Provides a quantitative assessment of the dataset by computing the Events per Variable (EPV) metric, which gauges the proportionality between observed events and the number of explanatory variables.
getEPV(X, Y)
Arguments
X: Numeric matrix or data.frame. Explanatory variables. Qualitative variables must be transform into binary variables.

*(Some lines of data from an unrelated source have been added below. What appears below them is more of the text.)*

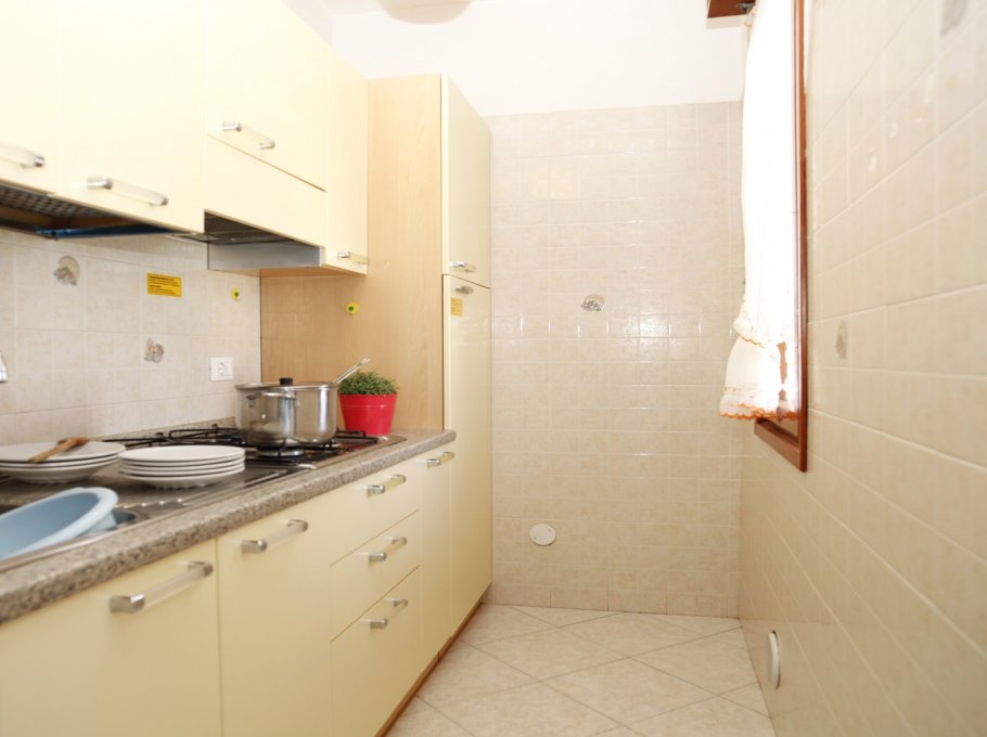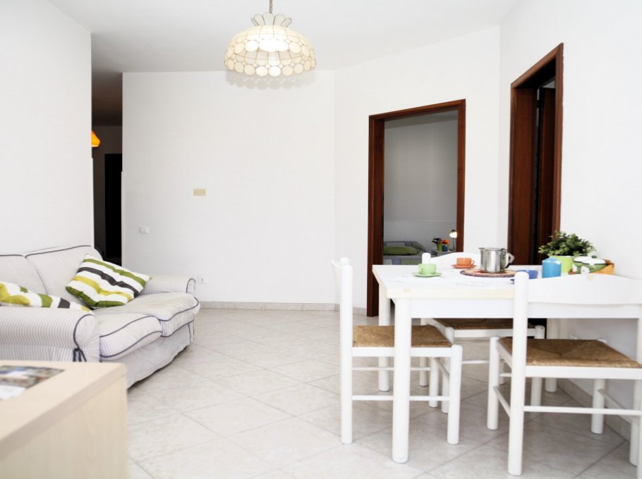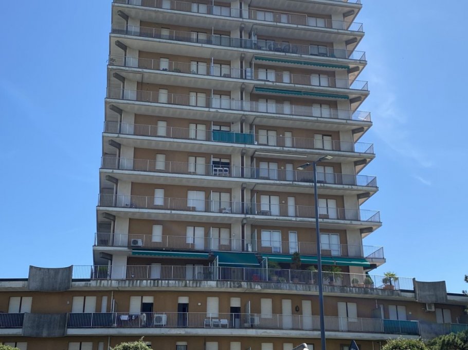 ZWEIZIMMERWOHNUNG fuer 4 Personen, im 7. Stock bestehend aus: Wohnraum mit Kochecke und Ausziehbaresbett, 1 Schlafzimmer mit 1 Doppelbett und ein Einzelbett, Badezimmer mit Fenster und Duschkabine, bewohnbare Terrasse, numerierten Parkplatz, Klimaanlage.
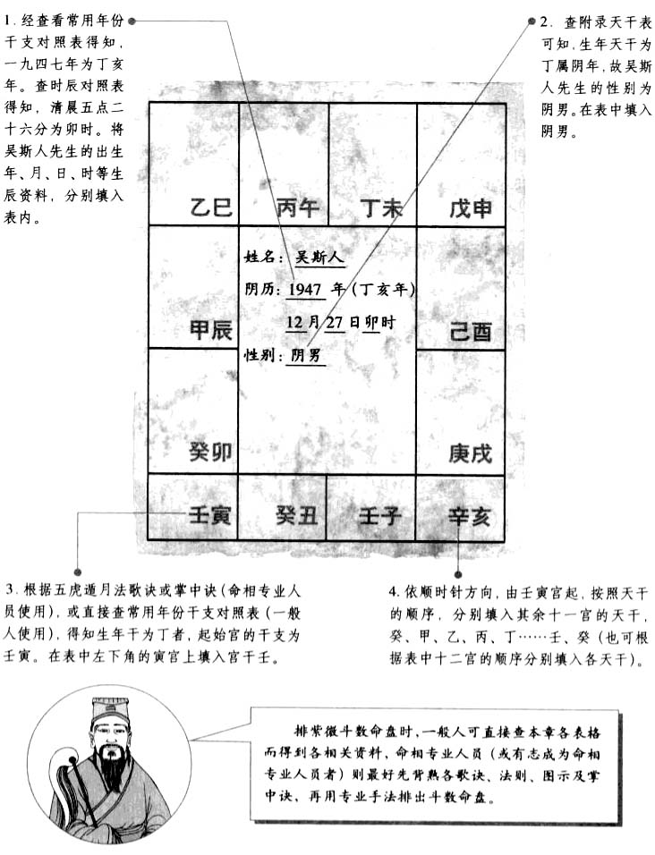 斗数命盘的排列是学习与运用紫微斗数的难点,本节将配合表格具体介绍推查星曜和排命盘的具体步骤与方法,方便简捷,同时为了帮助有志精研斗数者摆脱书本,也提供了用掌指和心算排盘的方法 按下述各步骤,在空白命盘图上一步一步地进行操作,即可完成命盘图的制作。分两种推算方法,一是查表法,方便查阅,二是口诀方式,方便记忆。前者适合人门者,后者适合专业人士及有志于研究紫微斗数的人士,读者根据自身需要任选其中一法即可。 第一步:定十二宫天千 歌诀一:五虎遁月法 甲己之年起丙寅(甲或已年出生者,正月起丙寅) 乙庚之年起戊寅(乙或庚年出生者,正月起戊寅) 丙辛之年起庚寅(丙或辛年出生者,正月起庚寅) 丁壬之年起壬寅(丁或壬年出生者,正月起壬寅) 戊癸之年起甲寅(戊或癸年出生者,正月起甲寅) 歌诀二: 甲己丙作首,乙庚戊为头; 丙辛从庚起,丁壬壬行流; 戊癸何处觅,甲寅好追求。 说明: 1.以寅宫开始各安宫支的理由有二: (1)子开天、丑辟地、寅为人始。 (2)阴历以正月建寅(即阴历正月的地支固定为寅)。2.本歌诀称为五虎遁月法,其理由为: (1)地支寅的生肖属虎。 (2)定十二宫天干即在认定生月的地支(年上起月)。 (3)一般人排斗数命盘,直接查看本章各相关表格即可轻易地排妥命盘,而不用去理各相关的法则、掌中诀、图例和歌诀。命相专业人员,或有志于精研斗数命理的人必须熟记排盘的各相关法则、掌中诀、歌诀和图例,才能不需要翻看书籍,就能迅速排妥命盘。 定宫干掌中诀 查表的方法虽然简单,但有志于研习命理的人不可总是携带着表格。这时,我们就可以运用掌中诀定宫干,只要熟记于心,这种方法随时随地都可以使用,十分方便。 综合实例 紫微斗数排盘程序繁复,前后步骤相互关联,如有一步差之毫厘,结果可能就会谬以千里。故此,本书以吴斯人先生(阴历一九四七年十二月二十七日清晨五点二十六分出生。)为例从排盘的准备工作开始作示范说明。 此信息最后更新时间为:2024-11-14 22:56 |
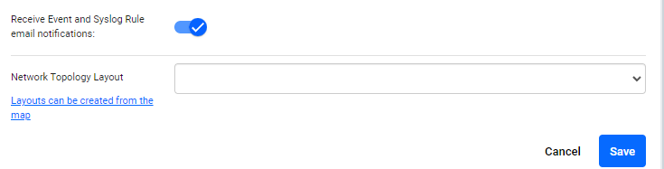 - Set the email notifications about Event and Syslog rules, and the network topology layout.
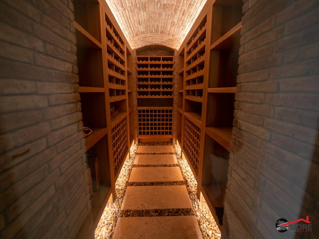 • Στο υπόγειο διαθέτει δωμάτιο υπηρεσίας με κουζίνα, αποχωρητήριο με ντους, δωμάτιο home cinema, τραπεζαρία, γυμναστήριο, δωμάτιο σάουνας, αποθήκη κήπου, server room, κάβα και μηχανοστάσιο.
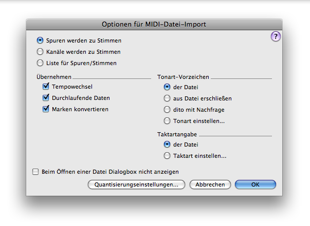 - Bei Öffnen einer Datei Dialogbox nicht anzeigen. Wählen Sie diese Option, wenn Sie möchten, dass die aktuellen Einstellungen der Dialogbox „Optionen für MIDI-Datei-Import“ beim nächsten Import einer MIDI-Datei verwendet werden. Es wird dann, wenn Sie eine MIDI-Datei importieren, nicht die Dialogbox „Optionen für MIDI-Datei-Import“ angezeigt. Sie wird nur angezeigt, wenn Sie „Optionen für MIDI-Datei-Import“ aus dem Menü „MIDI“ direkt anwählen. Wählen Sie diese Option wieder ab, um die Dialogbox „Optionen für MIDI-Datei-Import“ wieder anzuzeigen, wenn Sie eine MIDI-Datei importieren. Wenn Sie „Liste für Spuren-Stimmen-Zuordnung“ und „Bei Öffnen einer Datei Dialogbox nicht anzeigen“ angewählt haben, zeigt Finale direkt die Dialogbox „Spuren-/Kanalbelegung für Stimmen“ anstelle der Dialogbox „Optionen für MIDI-Datei-Import“. Siehe Spuren-/Kanalbelegung für Stimmen (Dialogbox) wegen einer vollständigen Erklärung.
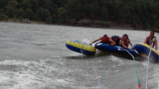 After driving around for a while we found ourselves another cove across the lake from Alligator II to do some swimming. Mike, Mike J and the boys went out on the towable.
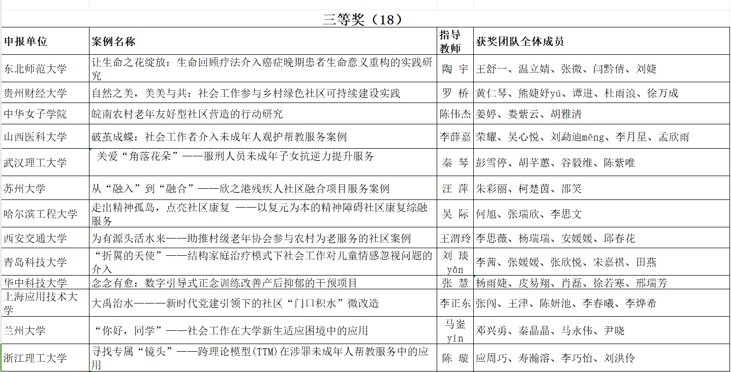 选送的参赛案例”花落有余香——基于知信行理论的高龄老人死亡教育个案社会工作”三个案例荣获特等奖。
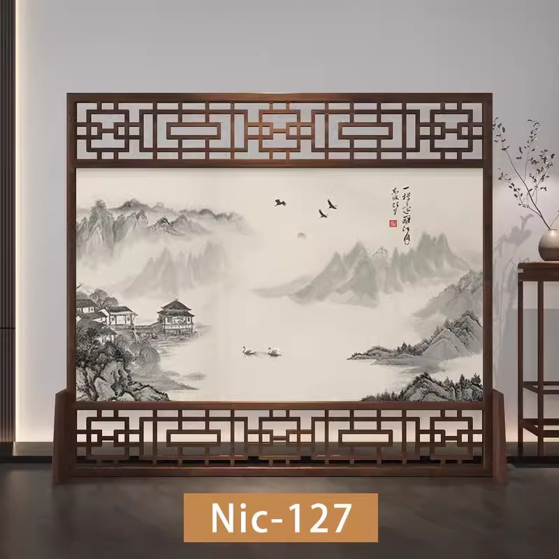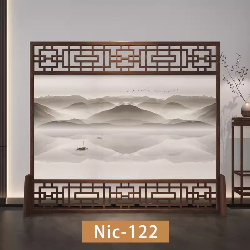 새로운 중국 스타일의 솔리드 우드 스크린 파티션 도어 음영 거실 호텔 티룸 사무실 입구 빈 좌석 화면
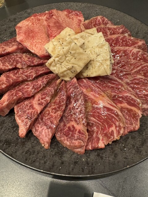 (牛タン厚切り、知床和牛サガリ、カリトロホルモン、USプライム等級ハラミ)

Y: Numeric matrix or data.frame. Response variables. Object must have two columns named as "time" and "event". For event column, accepted values are: 0/1 or FALSE/TRUE for censored and event observations.
Returns
Return the EPV value for a specific X (explanatory variables) and Y (time and censored variables) data.
Details
In the realm of survival analysis, the balance between observed events and explanatory variables is paramount. The getEPV function serves as a tool for researchers to ascertain this balance, which can be pivotal in determining the robustness and interpretability of subsequent statistical models. By evaluating the ratio of events in the Y matrix to the variables in the X
matrix, the function yields the EPV metric. It is of utmost importance that the Y matrix encompasses two distinct columns, namely "time" and "event". The latter, "event", should strictly encapsulate binary values, delineating censored (either 0 or FALSE) and event (either 1 or TRUE) observations. To ensure the integrity of the data and the precision of the computation, the function is equipped with an error mechanism that activates if the "event" column remains undetected.
Examples
data("X_proteomic")data("Y_proteomic")X <- X_proteomic
Y <- Y_proteomic
getEPV(X,Y)